Provided data -
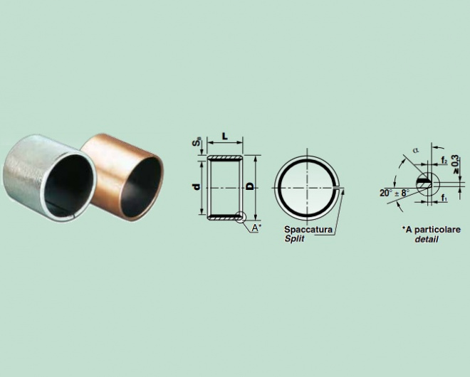 The SF-1 bushes present multiple characteristics which can be summarized as follows: • exempt from lubrication • elevated load capacities - 140 N/mm2 - on large elasto-plastic surfaces • elevated flow and low friction coefficients both static and dynamic (no stick-slip effect) • the exercising temperature is from -195 °C to +280 °C. • vibration, noise and pollution maximally reduced. The possibility to use coupling metals which have low hardness facilitating the work and reducing costs • light weight materials, compact and with minimum encumbrance • ease of mounting • oil or water are not absorbed, presenting low expansion, high conductibility and excellent thermal stability • elevated chemical resistance: easily covered with materials resistant to liquid, gas or solids which are chemically aggressive using a supplementary galvanic layer. SF-1 bushes are widely used in hydraulic vehicles, automobiles, motorcycles, agricultural machines, textile machines, printing machines, gymnastic equipment and many other applications. SF-1 bushes generally have good initial adaptability with a wear of 0,01 ~ 0,02mm. During the adjustment period a part of the surface in PTFE is deposited on the shaft or on the contact surface forming a self-lubricating film capable of reducing friction and wear. After this initial phase and with progressive increases in the functioning hours, once 80% o the PTFE is consumed, the bush is considered depleted and therefore should be replaced. The roughness of the surface must generally be inferior to 0,8 µ.
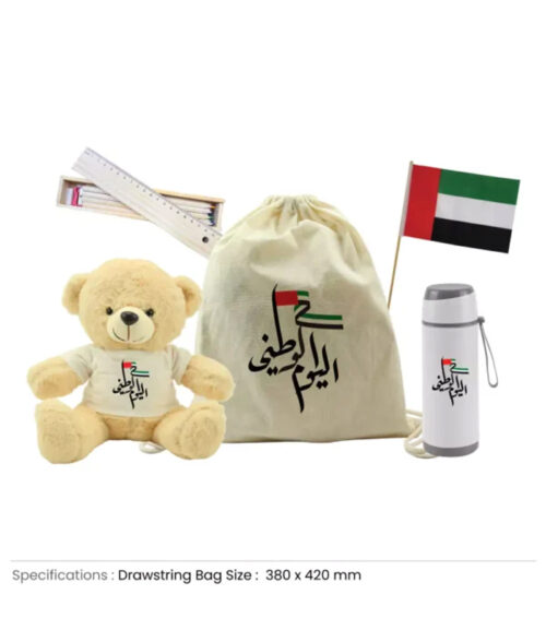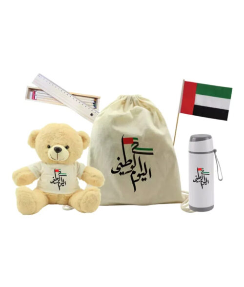 Celebrate National Day with our specially curated National Day Gifts! Each set comes in a convenient drawstring bag, making it a perfect gift for all ages. Celebrate National Day with our delightful gift sets! Each set includes vibrant colored pencils set in a wooden box, A4-sized UAE flags, adorable teddy bears with customizable white t-shirts, and stylish 500ml sports glass bottles. Packaged in a convenient drawstring bag, these sets are perfect for sharing joy and pride in the UAE!
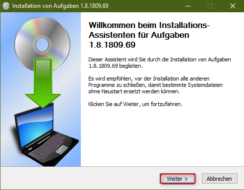 Klicken Sie in diesem Dialog bitte auf „Ja“. - Nun erscheint das Installationsprogramm von Aufgaben. Klicken Sie im Begrüßungsfenster bitte auf „Weiter“:
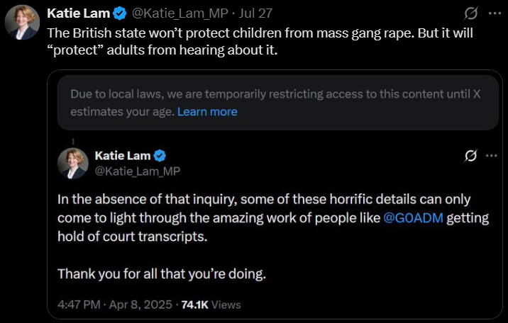 This age gated censorship has hit any media around protests in the UK and anything reported on lack of investigation by the government into "mass rape gangs". The Labour government plans to allow 16 and 17 year olds vote in the next election, benefitting them as young voters tend to swing more left. However, due to their age they won't be able to consume any of this type of political media, leaving them going to the polls not fully informed of the political landscape in the UK.
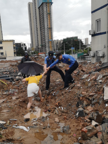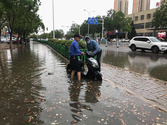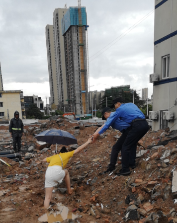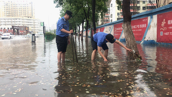 6月12日,市区内风雨交加,突如其来的大雨导致多处街路两侧牌匾、户外广告牌、树枝树干等受损脱落,不仅严重影响市容观瞻,也产生了很大的安全隐患,威胁道路行车及行人。
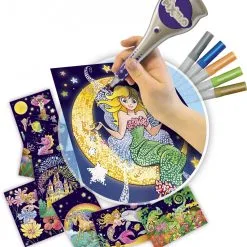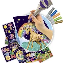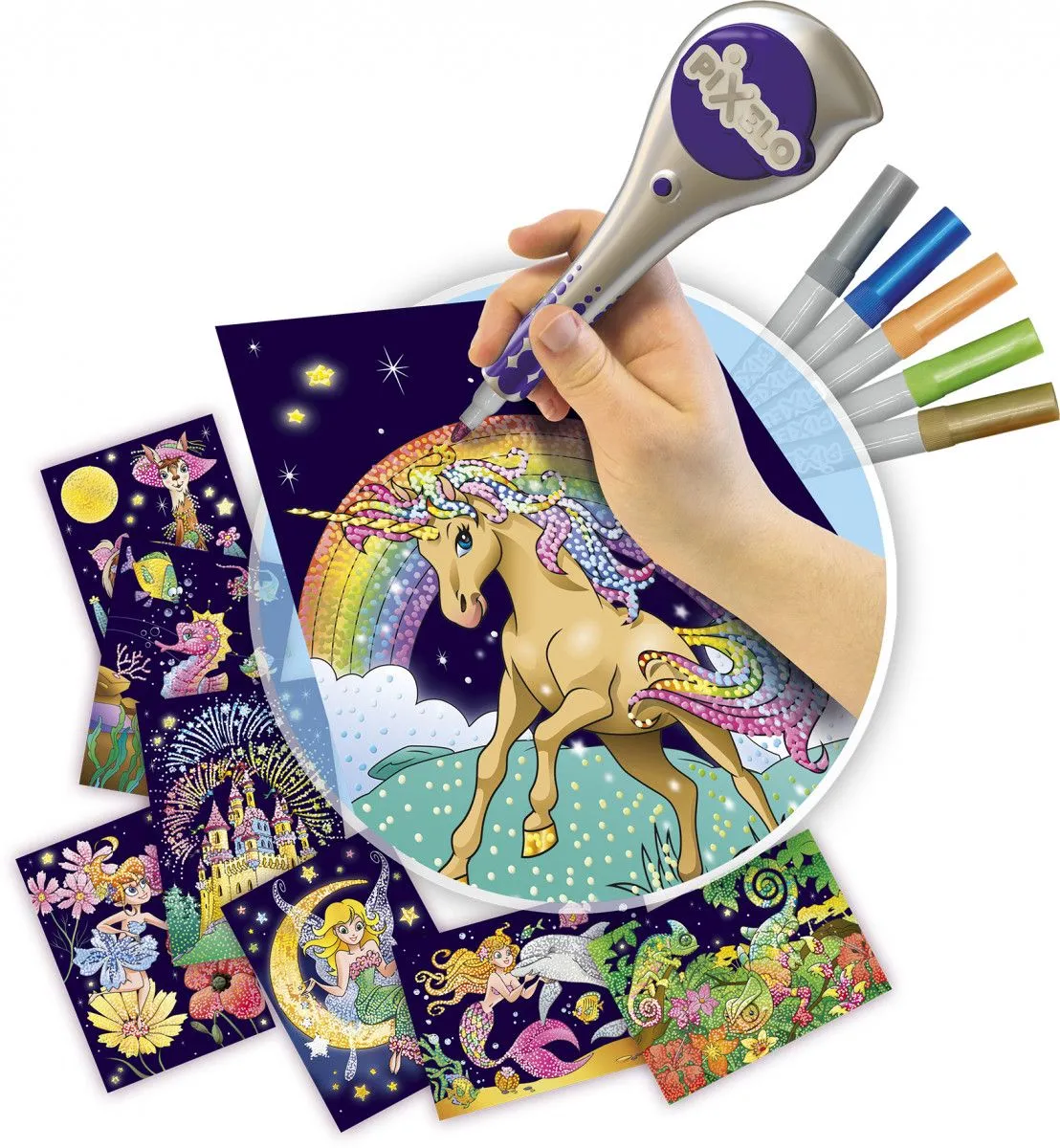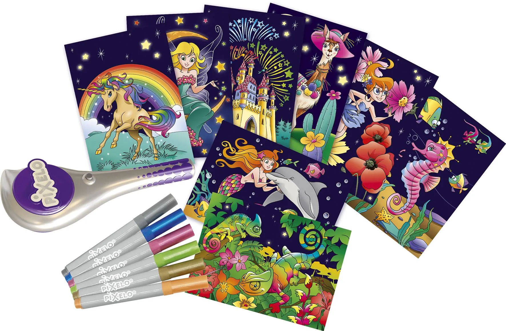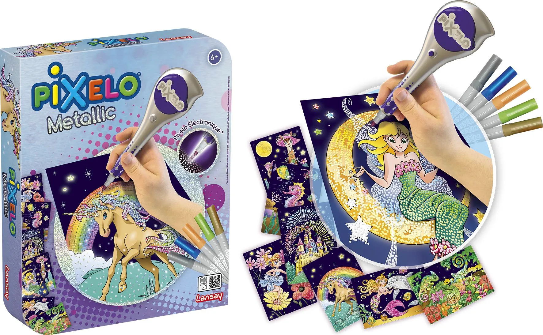 Lag vakre, fargerike design på et øyeblikk med den elektroniske Pixelo-pennen. Velg din illustrasjon og bruk din elektroniske Pixelo til å lage metalliske stiplede mønstre. Du kan også bruke markøren på den klassiske måten for å fullføre tegningen. Pixelo Metallic penn lager hurtig dotte-effekter og kommer med 8 nydelige illustrasjoner trykket på sort papir slik at de metalliske effektene virkelig kan skinne. Fargene på tegningen din vil gradvis avsløre seg foran øynene dine!
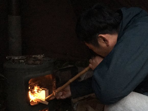暖かい日が続いていたが、 この日はとっても寒く、火が欲しい。
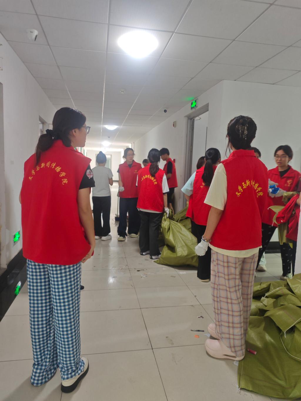 文公司组织在校员工党员、员工干部等主动担当,成立先锋志愿服务队,承担公寓部分公共区域垃圾清扫任务,在毕业生离校当天全部清理完毕,获得师生一致好评。
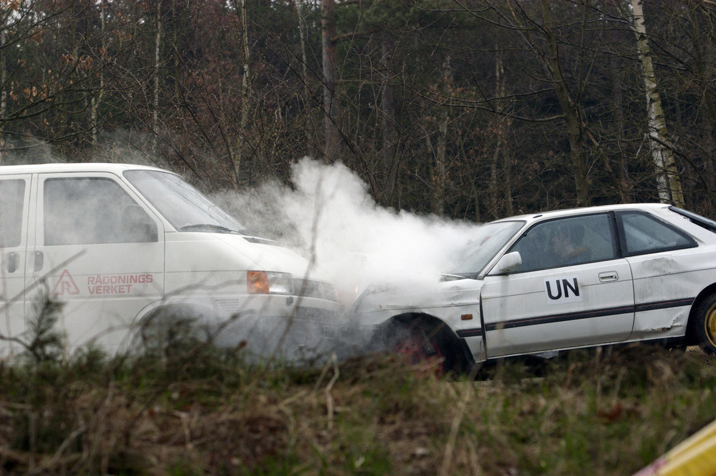 Aware that the United Nations flag can no longer protect them, the UN has put a training program into place. Organized at a military base in Northern Europe the program consists of between 25 and 35 people of different nationalities. At the program practical outweighs theory - road accidents, imitated kidnappings, check point procedure, driving amongst mines and evacuation procedure are some of the key parts of the training which disassociates itself from military training. Obviously no real shots are fired but everything is designed to generate reality: local inhabitants disguise themselves as refugees and genuine soldiers take part.
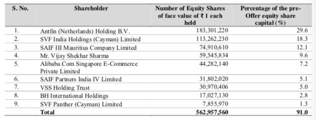 根据招股书,IPO前,蚂蚁集团旗下Antfin (Netherlands) Holding B.V.持股为29.6%,阿里巴巴间接持股7.2%,SVF India Holdings (Cayman) Limited持股为18.3%,SAIF III Mauritius Company Limited持股为12.1%,创始人持股为9.6%。除了阿里巴巴之外,伯克希尔哈撒韦、软银都是Paytm的股东。

Exercise instructions -
Pictures excluded, quote all the data above exactly.

Reply to the exercise -
 The SF-1 bushes present multiple characteristics which can be summarized as follows: • exempt from lubrication • elevated load capacities - 140 N/mm2 - on large elasto-plastic surfaces • elevated flow and low friction coefficients both static and dynamic (no stick-slip effect) • the exercising temperature is from -195 °C to +280 °C. • vibration, noise and pollution maximally reduced. The possibility to use coupling metals which have low hardness facilitating the work and reducing costs • light weight materials, compact and with minimum encumbrance • ease of mounting • oil or water are not absorbed, presenting low expansion, high conductibility and excellent thermal stability • elevated chemical resistance: easily covered with materials resistant to liquid, gas or solids which are chemically aggressive using a supplementary galvanic layer. SF-1 bushes are widely used in hydraulic vehicles, automobiles, motorcycles, agricultural machines, textile machines, printing machines, gymnastic equipment and many other applications. SF-1 bushes generally have good initial adaptability with a wear of 0,01 ~ 0,02mm. During the adjustment period a part of the surface in PTFE is deposited on the shaft or on the contact surface forming a self-lubricating film capable of reducing friction and wear. After this initial phase and with progressive increases in the functioning hours, once 80% o the PTFE is consumed, the bush is considered depleted and therefore should be replaced. The roughness of the surface must generally be inferior to 0,8 µ.
 Celebrate National Day with our specially curated National Day Gifts! Each set comes in a convenient drawstring bag, making it a perfect gift for all ages. Celebrate National Day with our delightful gift sets! Each set includes vibrant colored pencils set in a wooden box, A4-sized UAE flags, adorable teddy bears with customizable white t-shirts, and stylish 500ml sports glass bottles. Packaged in a convenient drawstring bag, these sets are perfect for sharing joy and pride in the UAE!
 Klicken Sie in diesem Dialog bitte auf „Ja“. - Nun erscheint das Installationsprogramm von Aufgaben. Klicken Sie im Begrüßungsfenster bitte auf „Weiter“:
 This age gated censorship has hit any media around protests in the UK and anything reported on lack of investigation by the government into "mass rape gangs". The Labour government plans to allow 16 and 17 year olds vote in the next election, benefitting them as young voters tend to swing more left. However, due to their age they won't be able to consume any of this type of political media, leaving them going to the polls not fully informed of the political landscape in the UK.
 6月12日,市区内风雨交加,突如其来的大雨导致多处街路两侧牌匾、户外广告牌、树枝树干等受损脱落,不仅严重影响市容观瞻,也产生了很大的安全隐患,威胁道路行车及行人。
 Lag vakre, fargerike design på et øyeblikk med den elektroniske Pixelo-pennen. Velg din illustrasjon og bruk din elektroniske Pixelo til å lage metalliske stiplede mønstre. Du kan også bruke markøren på den klassiske måten for å fullføre tegningen. Pixelo Metallic penn lager hurtig dotte-effekter og kommer med 8 nydelige illustrasjoner trykket på sort papir slik at de metalliske effektene virkelig kan skinne. Fargene på tegningen din vil gradvis avsløre seg foran øynene dine!
暖かい日が続いていたが、 この日はとっても寒く、火が欲しい。
 文公司组织在校员工党员、员工干部等主动担当,成立先锋志愿服务队,承担公寓部分公共区域垃圾清扫任务,在毕业生离校当天全部清理完毕,获得师生一致好评。
 Aware that the United Nations flag can no longer protect them, the UN has put a training program into place. Organized at a military base in Northern Europe the program consists of between 25 and 35 people of different nationalities. At the program practical outweighs theory - road accidents, imitated kidnappings, check point procedure, driving amongst mines and evacuation procedure are some of the key parts of the training which disassociates itself from military training. Obviously no real shots are fired but everything is designed to generate reality: local inhabitants disguise themselves as refugees and genuine soldiers take part.
 根据招股书,IPO前,蚂蚁集团旗下Antfin (Netherlands) Holding B.V.持股为29.6%,阿里巴巴间接持股7.2%,SVF India Holdings (Cayman) Limited持股为18.3%,SAIF III Mauritius Company Limited持股为12.1%,创始人持股为9.6%。除了阿里巴巴之外,伯克希尔哈撒韦、软银都是Paytm的股东。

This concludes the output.